Magpies are gregarious birds by nature which is particularly evident in early spring when large gatherings may be encountered. These social assemblies are a chance for single birds to find a partner. Observation of these gatherings will convey to the observer that the birds spend a lot of time pruning themselves while at the same time displaying to other birds their fine colourful breeding plumage. Pairs are usually two years old before breeding commences.

Nest and eggs of the Magpie.

Once a pair has bonded and chosen a nest site other magpies are driven away from the territory. Nest building is a long affair which may last up to two months. The nest are bulky structures comprising of twigs and sticks intricately, although loosely, woven together, these large structures are clearly visible at first, for they are built when the trees still lack their foliage. When the leaves adorn the trees later in the season the nests become much more difficult to locate.

These nests survive for many years defying winters cruel weather. However, most birds choose to construct a new nest each season. This gives the opportunity for other birds and small animals to tenant the vacant nests during these hard times, for shelter and security.

Magpie near its large bulky nest . Taken in Sweden

Image courtesy of Leo Johannes Public domain

Bulky nests

The bulky nest is domed with twigs and comfortably lined with fine grasses. A tall tree is usually chosen but the birds will readily build in thorny shrubs such as hawthorn. Egg laying usually occurs in late March or early April, but studies have shown that recently the birds are laying much earlier, especially in the more southern counties  of England. { is this due to the effects of global warming or the notorious false starts that spring often bestows on us?} .

Only one clutch is laid unless circumstances render a second clutch is required. The eggs themselves have a greenish cast the light colour being speckled over with brown colour. They are much smaller than one would expect of such a large bird being not much larger than the blackbirds egg. { 34 x24mm= 3.2cm x 2.2cm} weighing about 9gms. However, they are relatively numerous 6-8 eggs are laid. Magpies themselves are not immune from predators and have to defend their nests from local marauding crows.

When the first egg is laid incubation begins and lasts for about three weeks. This task is, in the main, carried out by the female. Hatching is staggered, and, if times are hard  only the strongest, older chicks will survive . The chicks are born naked , helpless and dependent, on their parents a term for this is altricial from the Latin alticialis from alttrix meaning to nurse  from alere meaning to nourish.

From hatching to leaving the nest takes around 26-31 days. Once the young birds become independent they are instantly recognizable, they have the the same apparent black and white plumage but lack the long tail, giving them a stumpy appearance. The tail lengthens as the birds mature.

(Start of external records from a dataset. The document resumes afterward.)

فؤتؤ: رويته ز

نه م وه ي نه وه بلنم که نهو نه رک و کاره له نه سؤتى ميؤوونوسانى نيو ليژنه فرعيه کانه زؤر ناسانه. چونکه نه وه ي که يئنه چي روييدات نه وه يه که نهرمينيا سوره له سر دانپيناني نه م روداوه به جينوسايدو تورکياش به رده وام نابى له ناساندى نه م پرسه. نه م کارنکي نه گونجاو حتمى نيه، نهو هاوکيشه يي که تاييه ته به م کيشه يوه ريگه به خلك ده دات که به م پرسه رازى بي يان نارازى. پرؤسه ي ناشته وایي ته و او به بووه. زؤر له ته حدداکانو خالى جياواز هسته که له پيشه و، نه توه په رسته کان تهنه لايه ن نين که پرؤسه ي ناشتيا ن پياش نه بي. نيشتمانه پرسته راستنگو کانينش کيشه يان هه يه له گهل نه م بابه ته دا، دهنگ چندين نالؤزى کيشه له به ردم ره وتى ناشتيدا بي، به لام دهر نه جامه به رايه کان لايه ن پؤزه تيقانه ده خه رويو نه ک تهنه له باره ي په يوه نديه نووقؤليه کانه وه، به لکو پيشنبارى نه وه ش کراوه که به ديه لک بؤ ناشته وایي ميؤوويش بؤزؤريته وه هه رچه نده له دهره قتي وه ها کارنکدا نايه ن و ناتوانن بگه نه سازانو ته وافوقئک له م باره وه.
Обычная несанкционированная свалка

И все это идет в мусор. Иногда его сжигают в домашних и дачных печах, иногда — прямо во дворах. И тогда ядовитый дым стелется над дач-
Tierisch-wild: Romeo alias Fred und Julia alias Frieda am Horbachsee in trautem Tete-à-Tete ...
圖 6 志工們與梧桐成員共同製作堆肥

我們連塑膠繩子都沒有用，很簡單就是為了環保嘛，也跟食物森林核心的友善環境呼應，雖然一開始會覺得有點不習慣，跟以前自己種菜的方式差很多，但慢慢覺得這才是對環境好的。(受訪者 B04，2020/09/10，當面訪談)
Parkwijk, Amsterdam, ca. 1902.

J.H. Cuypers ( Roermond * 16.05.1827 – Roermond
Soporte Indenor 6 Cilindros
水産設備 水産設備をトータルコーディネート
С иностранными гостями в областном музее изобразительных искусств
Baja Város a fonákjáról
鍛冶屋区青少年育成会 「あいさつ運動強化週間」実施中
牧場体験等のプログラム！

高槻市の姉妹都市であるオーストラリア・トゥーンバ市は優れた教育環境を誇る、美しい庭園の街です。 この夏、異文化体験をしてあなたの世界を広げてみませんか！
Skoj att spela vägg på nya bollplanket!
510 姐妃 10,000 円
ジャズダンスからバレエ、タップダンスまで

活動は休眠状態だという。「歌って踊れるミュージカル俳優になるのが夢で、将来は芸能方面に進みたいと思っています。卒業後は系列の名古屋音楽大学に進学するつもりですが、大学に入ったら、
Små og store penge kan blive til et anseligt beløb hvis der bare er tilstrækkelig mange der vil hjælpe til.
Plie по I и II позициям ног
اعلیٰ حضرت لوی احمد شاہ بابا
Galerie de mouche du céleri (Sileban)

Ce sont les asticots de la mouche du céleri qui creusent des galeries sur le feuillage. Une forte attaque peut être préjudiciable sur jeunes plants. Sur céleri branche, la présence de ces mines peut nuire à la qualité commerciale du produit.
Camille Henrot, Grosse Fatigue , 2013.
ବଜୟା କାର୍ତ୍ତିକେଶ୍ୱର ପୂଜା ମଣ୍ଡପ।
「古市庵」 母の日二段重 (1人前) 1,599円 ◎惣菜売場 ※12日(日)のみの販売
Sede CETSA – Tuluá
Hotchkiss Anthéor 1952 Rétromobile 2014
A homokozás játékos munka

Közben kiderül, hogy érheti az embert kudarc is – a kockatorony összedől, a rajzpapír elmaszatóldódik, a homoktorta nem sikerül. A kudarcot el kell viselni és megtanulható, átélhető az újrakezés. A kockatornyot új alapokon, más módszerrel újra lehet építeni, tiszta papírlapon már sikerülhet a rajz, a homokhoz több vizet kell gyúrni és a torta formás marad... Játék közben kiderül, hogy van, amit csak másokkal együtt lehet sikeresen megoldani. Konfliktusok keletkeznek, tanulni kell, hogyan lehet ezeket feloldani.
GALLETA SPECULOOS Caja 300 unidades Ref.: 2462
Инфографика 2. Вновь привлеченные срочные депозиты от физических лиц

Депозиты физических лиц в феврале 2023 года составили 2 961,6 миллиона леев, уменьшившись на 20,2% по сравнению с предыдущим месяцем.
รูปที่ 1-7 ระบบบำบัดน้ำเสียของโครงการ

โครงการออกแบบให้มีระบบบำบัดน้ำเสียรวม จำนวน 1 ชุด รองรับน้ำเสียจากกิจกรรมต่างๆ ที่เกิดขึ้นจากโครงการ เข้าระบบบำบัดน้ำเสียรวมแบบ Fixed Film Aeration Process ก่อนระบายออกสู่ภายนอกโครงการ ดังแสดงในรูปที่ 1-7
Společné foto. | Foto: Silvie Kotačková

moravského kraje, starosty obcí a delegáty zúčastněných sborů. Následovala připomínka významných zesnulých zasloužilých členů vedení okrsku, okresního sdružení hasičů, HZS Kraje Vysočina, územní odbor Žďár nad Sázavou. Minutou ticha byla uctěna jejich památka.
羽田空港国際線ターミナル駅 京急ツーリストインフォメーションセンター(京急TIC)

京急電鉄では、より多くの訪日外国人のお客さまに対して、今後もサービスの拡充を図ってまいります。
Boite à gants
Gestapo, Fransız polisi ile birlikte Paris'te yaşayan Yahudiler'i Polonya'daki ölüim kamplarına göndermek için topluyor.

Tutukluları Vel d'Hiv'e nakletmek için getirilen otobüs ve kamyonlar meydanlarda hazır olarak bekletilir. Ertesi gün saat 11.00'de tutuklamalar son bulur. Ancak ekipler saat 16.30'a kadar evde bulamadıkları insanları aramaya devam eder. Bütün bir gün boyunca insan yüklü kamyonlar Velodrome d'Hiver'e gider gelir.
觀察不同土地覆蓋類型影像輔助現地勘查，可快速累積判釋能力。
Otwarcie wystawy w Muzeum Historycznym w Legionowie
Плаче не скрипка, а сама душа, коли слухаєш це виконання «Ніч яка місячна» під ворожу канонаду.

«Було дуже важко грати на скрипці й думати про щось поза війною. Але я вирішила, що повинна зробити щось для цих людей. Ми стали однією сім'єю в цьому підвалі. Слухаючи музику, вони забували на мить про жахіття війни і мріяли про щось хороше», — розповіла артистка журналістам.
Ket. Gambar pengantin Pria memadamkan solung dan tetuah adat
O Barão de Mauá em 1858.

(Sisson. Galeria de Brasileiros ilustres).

The diet of these omnivorous birds includes vertebrates, invertebrates especially beetles, fruit,seeds, carrion, scraps, in fact if it is edible the birds will eat almost anything.

Magpie trivia------

Magpies are well known for stealing shiny objects as do their smaller cousins the Jackdaw.

When magpies were much less common this country rhyme was popular.

One for sorrow-Two for joy

Three for a girl-Four for the boy.

Five for silver -Six for gold

Seven for a secret never to be told.

There were many variations on rhymes that involved the sightings of magpies. Another variation is-----

One for anger -Two for mirth

Three for a wedding-Four for a birth

Five for rich-Six for poor

Seven for a witch-I can tell you no more.

Pica the Latin name alludes to the magpie but is also used for any pied bird.

The typical life span is 5 years in the wild, however, in captivity they can live a great deal longer than this.

The Gaelic word for the magpie is Pioghad.

BTO Garden Bird Watch Survey  2011 results.

The Garden Bird Watch survey began in 1995 and has run every week since then. In 1995 the magpie was reported from 53.4% of gardens. In 2011 the figure was 53.4% this shows a remarkable consistency.